The character of Alice “deeply dislikes the scrutiny brought by her wild success” as a writer, added the BBC, and Rooney has spoken about how she used the plot to work through some of her own issues.
“That is why I had to write this book,” she told The New York Times (NYT), “because my life had become so dominated for a time by the success of my previous two.”
Whether her latest release will be equally well received by readers remains to be seen, although the critics’ reviews are generally favourable.
Writing for the NYT, Real Life author Brandon Taylor described Rooney’s third book as “funny and smart” and her “best novel yet”.
Fellow author Crain is also enthusiastic. Rooney intersperses long email exchanges between Alice and Eileen with “narration from a third-person omniscient point of view”, he wrote in The Atlantic. This is “the first time Rooney has tried this in a novel, and I felt the excitement of watching a serious artist try out a new tool”.
Critic Johanna Thomas-Corr isn’t entirely convinced, however. Writing for The Sunday Times, she argued that the email format felt “like a cynical way to shoehorn in zeitgeisty talking points”. But, she added, this “epistolary exchange eventually becomes a moving and honest channel of intimacy between the two women”.
Alongside the email chats, “there are also text conversations, over-detailed internet searches and unnecessary descriptions of tech activity”, wrote Ordinary People author Diana Evans in the FT. At times, the result is a “rather robotic, plodding spatial delineation”, but perhaps the point of the “inordinate tracking” is to highlight “our reliance on [technology’s] power to both guide and connect us”, Evans suggested.

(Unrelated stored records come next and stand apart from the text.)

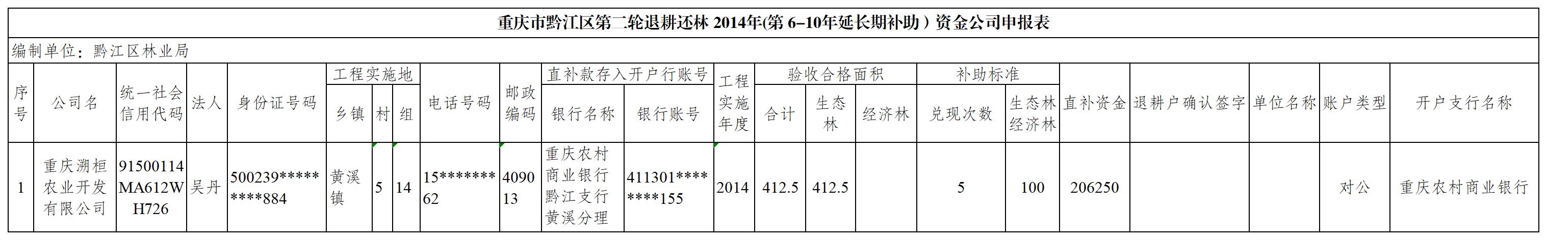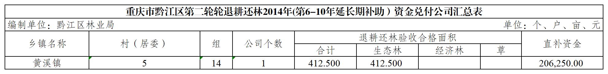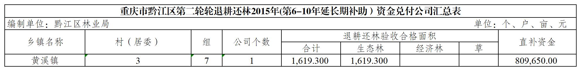 重慶市黔江區(qū)林業(yè)局2025年第二輪退耕還林10月直補(bǔ)資金兌付情況公示(黃溪鎮(zhèn))
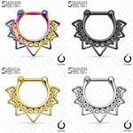 Septum Piercing Clicker - Heart Tribal Fan All 316L Surgical - 16ga - Sold Each
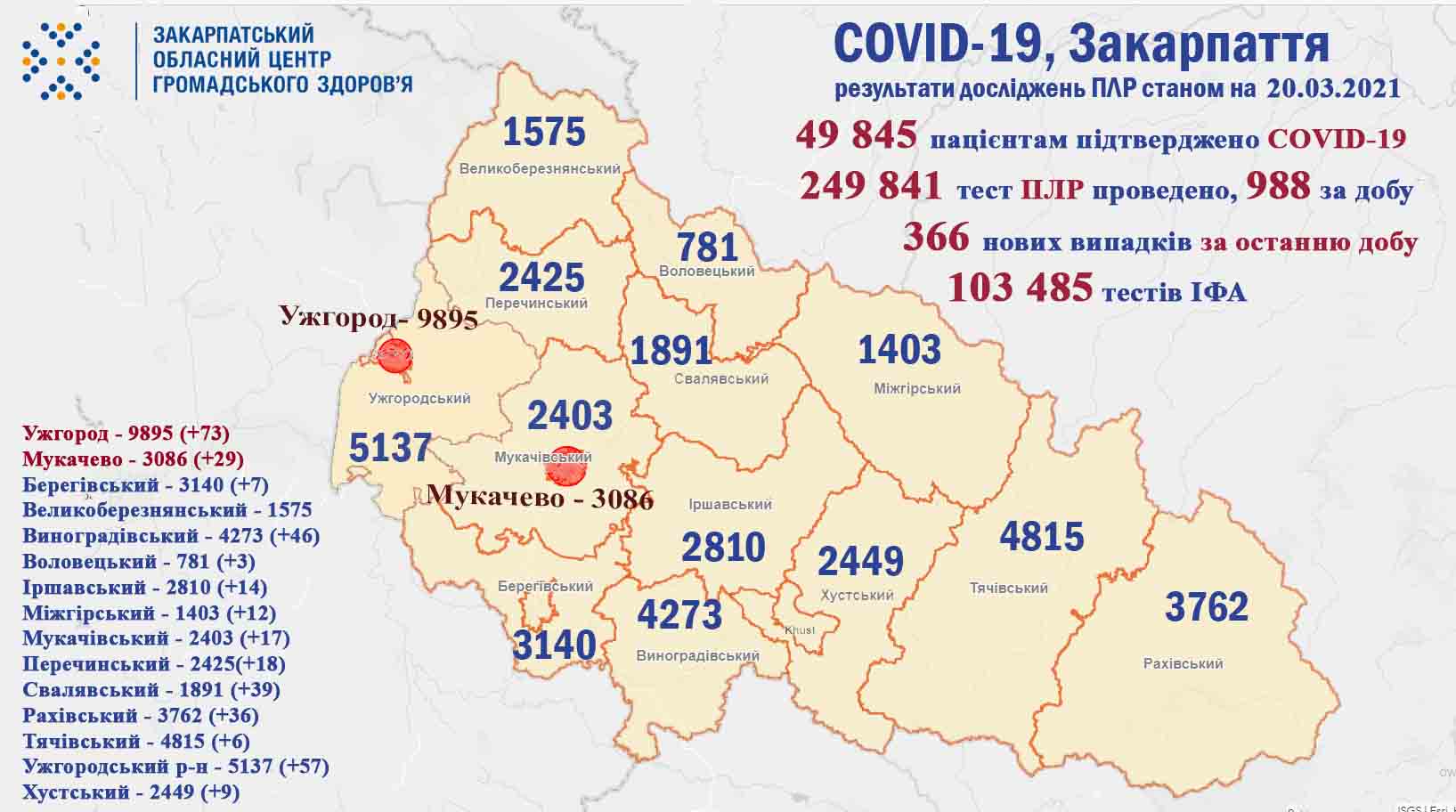 - від початку пандемії 49 845 закарпатцям встановлено діагноз COVID-19, із яких 3214 – медики та 2514 – діти ;
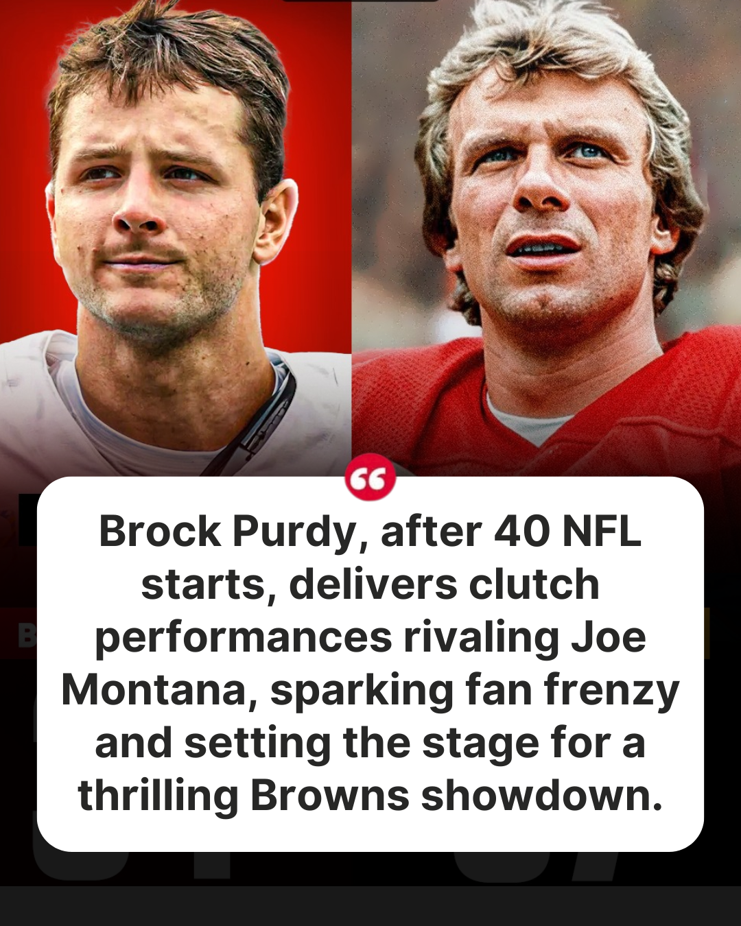 Brock Purdy’s first 40 starts in the NFL have put him in rarefied air, drawing immediate comparisons to the legendary Joe Montana. While some skeptics questioned whether Purdy could maintain consistency, his latest performances have not only quieted doubters but also electrified the 49ers fanbase. Fans are now buzzing about his poise, leadership, and ability to deliver under pressure — traits reminiscent of Montana during his early career.
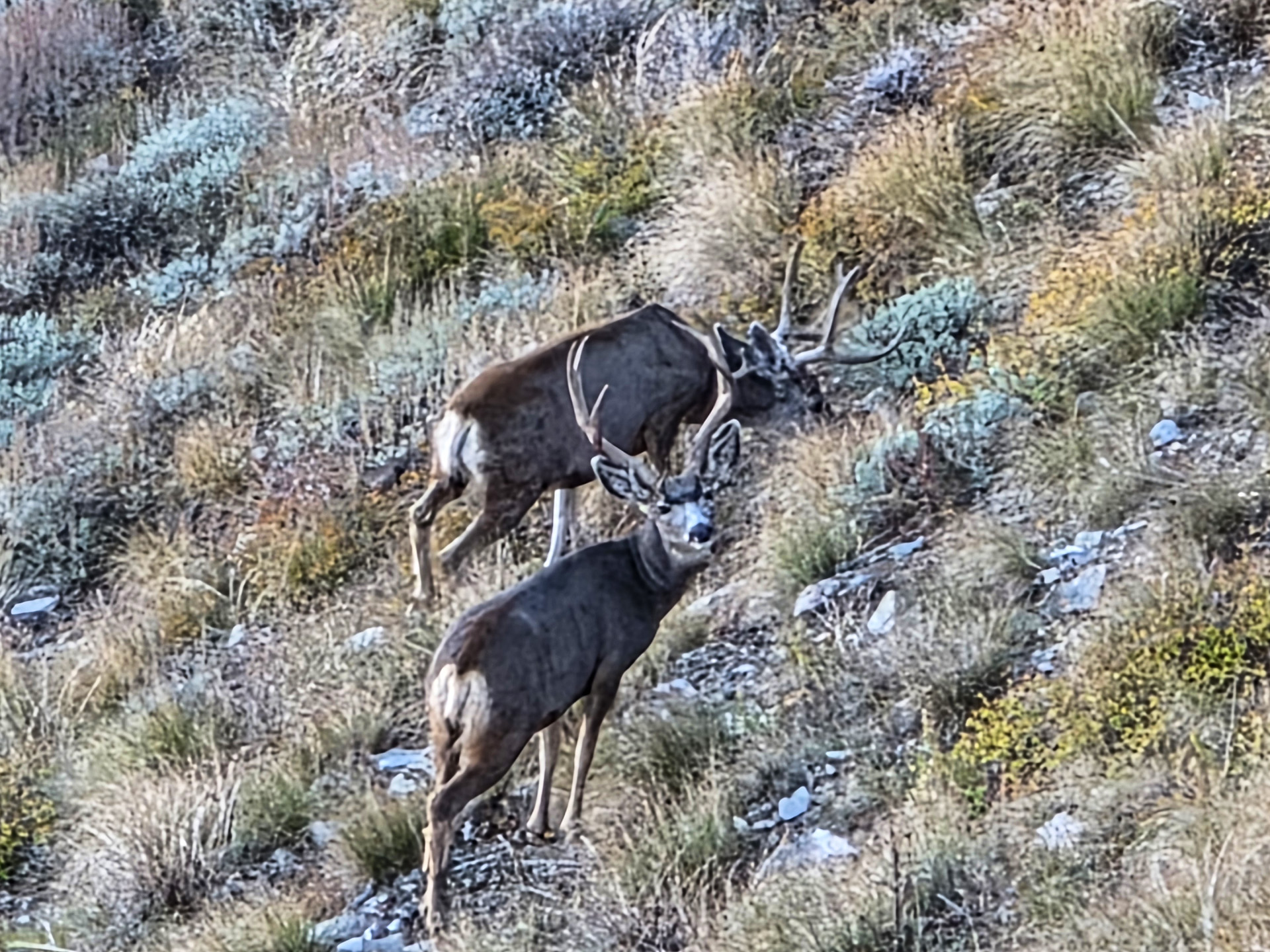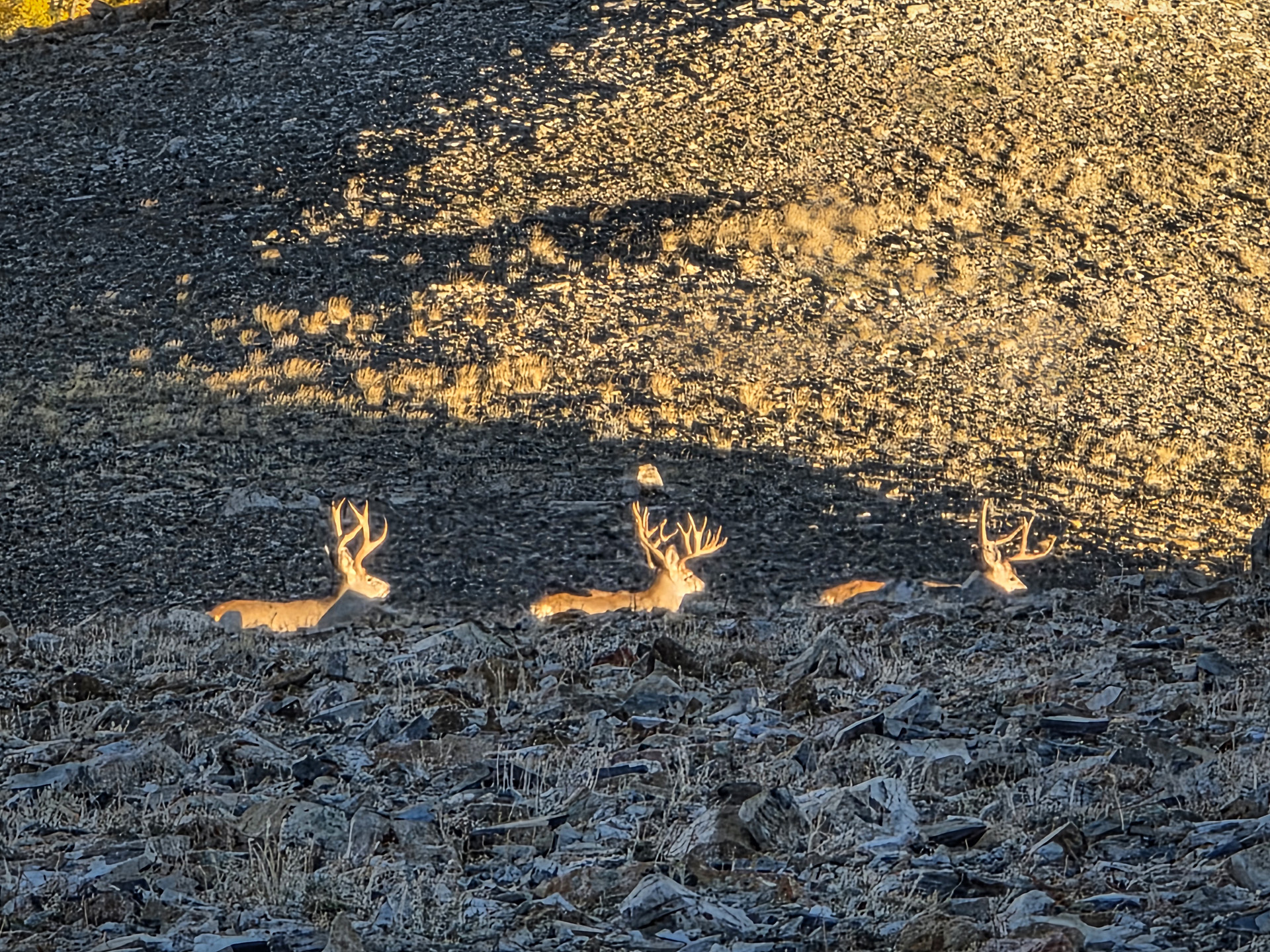 The best buck I could find on my hunt. You can see a large inline on his left side G3. The image isn't the greatest quality, as the denoise filtering in my cell phone has smoothed out the image greatly, with the buck being 325 yards away. If you watch the video at the beginning of this article, you can see this buck better in that video. If this buck wasn't taken in the rifle season, he should be around for the 2026 season. This is where he was when I bumped him (38.06133, -110.78872).

Either way, Thomas-Corr has reservations about this departure in style. “Beautiful World faithfully reproduces and remixes all of the elements that have turned the Irish novelist... into a unique, beloved, bestselling literary sensation”, she said in The Sunday Times.
“However, it does so in a way that feels a little uncanny and a little mechanical, lacking the breath of human inspiration.”
Anthony Cummins warns in The Guardian that fans hoping for a Normal People 2 will be disappointed. “It’s earnest stuff,” he wrote, and “anyone who binge-watched [the television show’s stars] Paul Mescal and Daisy Edgar-Jones might well start to hanker for rather less theory and a bit more will-they-won’t-they”.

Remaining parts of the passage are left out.